Reputation: 257
I want group a column based on unique values from two columns of pyspark dataframe. The output of the dataframe should be such that once some value used for groupby and if it is present in another column then it should not repeat.
|------------------|-------------------|
| fruit | fruits |
|------------------|-------------------|
| apple | banana |
| banana | apple |
| apple | mango |
| orange | guava |
| apple | pineapple |
| mango | apple |
| banana | mango |
| banana | pineapple |
| -------------------------------------|
I have tried to group by using single column and it needs to be modified or some other logic should be required.
df9=final_main.groupBy('fruit').agg(collect_list('fruits').alias('values'))
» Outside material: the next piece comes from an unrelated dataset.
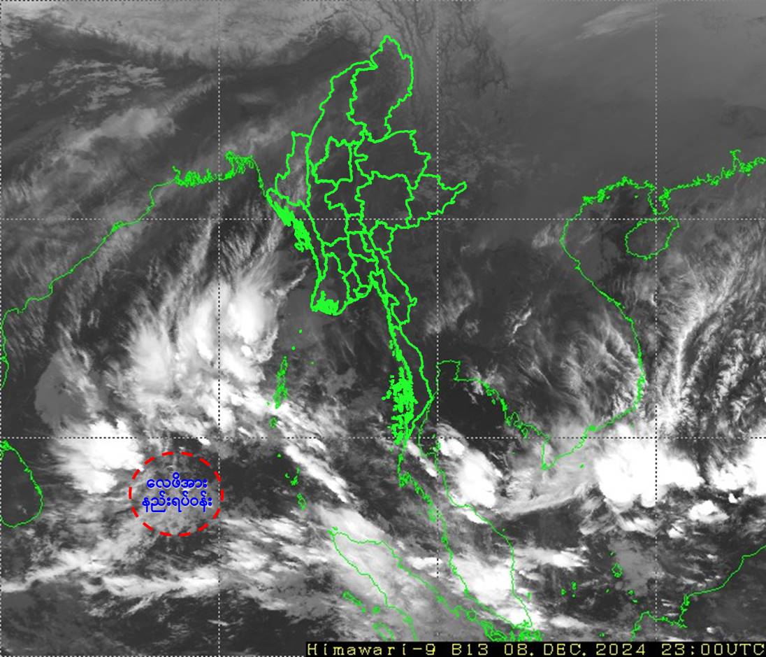 မိုးလေဝသနှင့်ဇလဗေဒ ညွှန်ကြားမှုဦးစီးဌာနက ယနေ့နံနက် ၇ နာရီ ထုတ်ပြန်သည့် မိုးလေဝသ သတင်းအရ ဘင်္ဂလား ပင်လယ်အော်တောင်ပိုင်းနှင့် ယင်းနှင့်ဆက်စပ်လျက်ရှိသော အီကွေတာအနီး အိန္ဒိယသမုဒ္ဒရာအရှေ့ပိုင်းတို့တွင် ဖြစ်ပေါ်နေသော လေဖိအားနည်းရပ်ဝန်း (Low Pressure Area) သည် ဆက်လက်တည်ရှိနေသည်။ အဆိုပါ လေဖိအားနည်းရပ်ဝန်းသည် အနောက်-အနောက်မြောက်ဘက်သို့ ရွေ့လျားနိုင်ပြီး၊ နောက်(၂၄) နာရီအတွင်း ပိုမိုအားကောင်းလာနိုင်ကာ၊ ၁၁-၁၂-၂၀၂၄ ရက်နေ့တွင် ဘင်္ဂလားပင်လယ်အော် အနောက်တောင်ပိုင်း (သီရိလင်္ကာ နိုင်ငံကမ်းလွန်-အိန္ဒိယနိုင်ငံ၊ တမီးလ်နာဒူးကမ်းခြေ) သို့ ရောက်ရှိနိုင်သည်ဟု ခန့်မှန်းရသည်။ ကပ္ပလီပင်လယ်ပြင် တောင်ပိုင်း၊ ဘင်္ဂလားပင်လယ်အော် တောင်ပိုင်းနှင့် အရှေ့အလယ်ပိုင်းတို့တွင် တိမ်ထူထပ်နေပြီး၊ ကပ္ပလီပင်လယ်ပြင် မြောက်ပိုင်းနှင့် ကျန်ဘင်္ဂလားပင်လယ်အော်တို့တွင် တိမ်အသင့်အတင့် ဖြစ်ထွန်းနေသည်။

I am getting following output from above query;
|------------------|--------------------------------|
| fruit | values |
|------------------|--------------------------------|
| apple | ['banana','mango','pineapple'] |
| banana | ['apple'] |
| orange | ['guava'] |
| mango | ['apple'] |
|------------------|--------------------------------|
But I want following output;
|------------------|--------------------------------|
| fruit | values |
|------------------|--------------------------------|
| apple | ['banana','mango','pineapple'] |
| orange | ['guava'] |
|------------------|--------------------------------|
Upvotes: 0
Views: 1635
Reputation: 1747
This looks like a connected components problem. There are a couple ways you can go about doing this.
1. GraphFrames
You can use the GraphFrames package. Each row of your dataframe defines an edge, and you can just create a graph using df
as edges and a dataframe of all the distinct fruits as vertices. Then call the connectedComponents
method. You can then manipulate the output to get what you want.
2. Just Pyspark
The second method is a bit of a hack. Create a "hash" for each row like
hashed_df = df.withColumn('hash', F.sort_array(F.array(F.col('fruit'), F.col('fruits'))))
Drop all non-distinct rows for that column
distinct_df = hashed_df.dropDuplicates(['hash'])
Split up the items again
revert_df = distinct_df.withColumn('fruit', F.col('hash')[0]) \
.withColumn('fruits', F.col('hash')[1])
Group by the first column
grouped_df = revert_df.groupBy('fruit').agg(F.collect_list('fruits').alias('group'))
You might need to "stringify" your hash usingF.concat_ws
if Pyspark complains, but the idea is the same.
Upvotes: 1